■ REQUIRED WORK: In the entries below, begin at the line with "Easterly Berkeley Menu" and stop after the line with "vrijstaand huis onderhands"; output those lines exactly and omit the pictures.

■ INFORMATION SHOWN:
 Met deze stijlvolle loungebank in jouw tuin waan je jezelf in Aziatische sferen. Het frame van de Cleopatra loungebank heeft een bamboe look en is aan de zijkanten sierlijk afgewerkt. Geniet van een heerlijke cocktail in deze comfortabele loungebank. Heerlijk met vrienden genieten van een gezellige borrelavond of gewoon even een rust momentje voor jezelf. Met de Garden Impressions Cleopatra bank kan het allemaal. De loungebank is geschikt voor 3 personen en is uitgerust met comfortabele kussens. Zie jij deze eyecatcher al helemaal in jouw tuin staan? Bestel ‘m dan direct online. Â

...

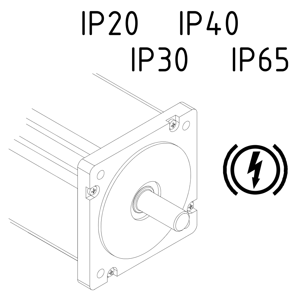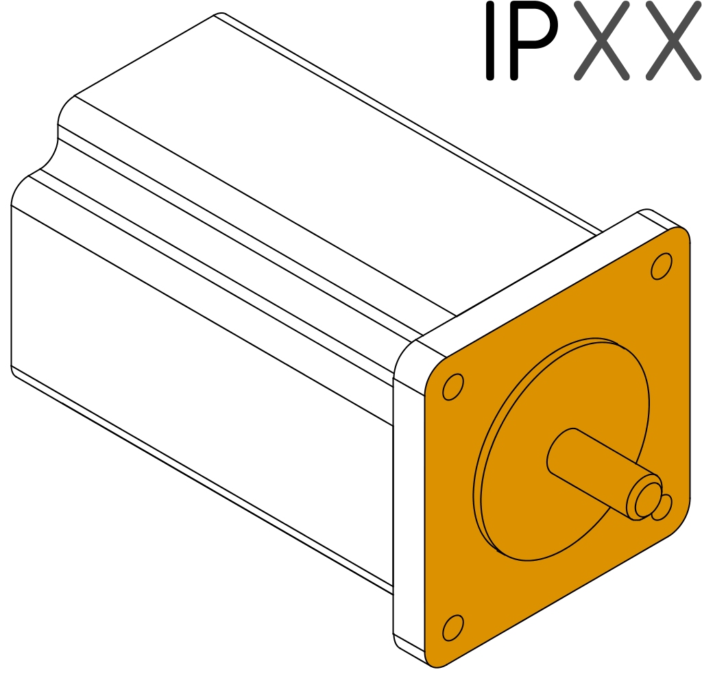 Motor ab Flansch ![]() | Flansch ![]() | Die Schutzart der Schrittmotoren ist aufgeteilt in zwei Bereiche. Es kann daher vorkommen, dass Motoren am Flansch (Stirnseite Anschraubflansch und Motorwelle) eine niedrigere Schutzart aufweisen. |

==

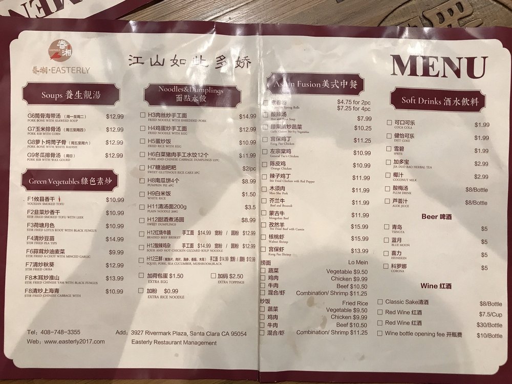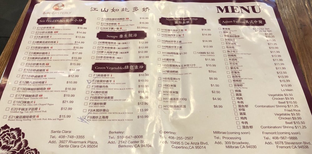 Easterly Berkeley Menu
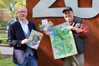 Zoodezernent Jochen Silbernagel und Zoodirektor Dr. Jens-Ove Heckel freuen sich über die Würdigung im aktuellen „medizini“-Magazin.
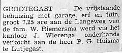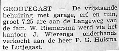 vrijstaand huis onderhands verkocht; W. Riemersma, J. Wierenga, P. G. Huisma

■ EXERCISE RESULT:
 Easterly Berkeley Menu
 Zoodezernent Jochen Silbernagel und Zoodirektor Dr. Jens-Ove Heckel freuen sich über die Würdigung im aktuellen „medizini“-Magazin.
 vrijstaand huis onderhands verkocht; W. Riemersma, J. Wierenga, P. G. Huisma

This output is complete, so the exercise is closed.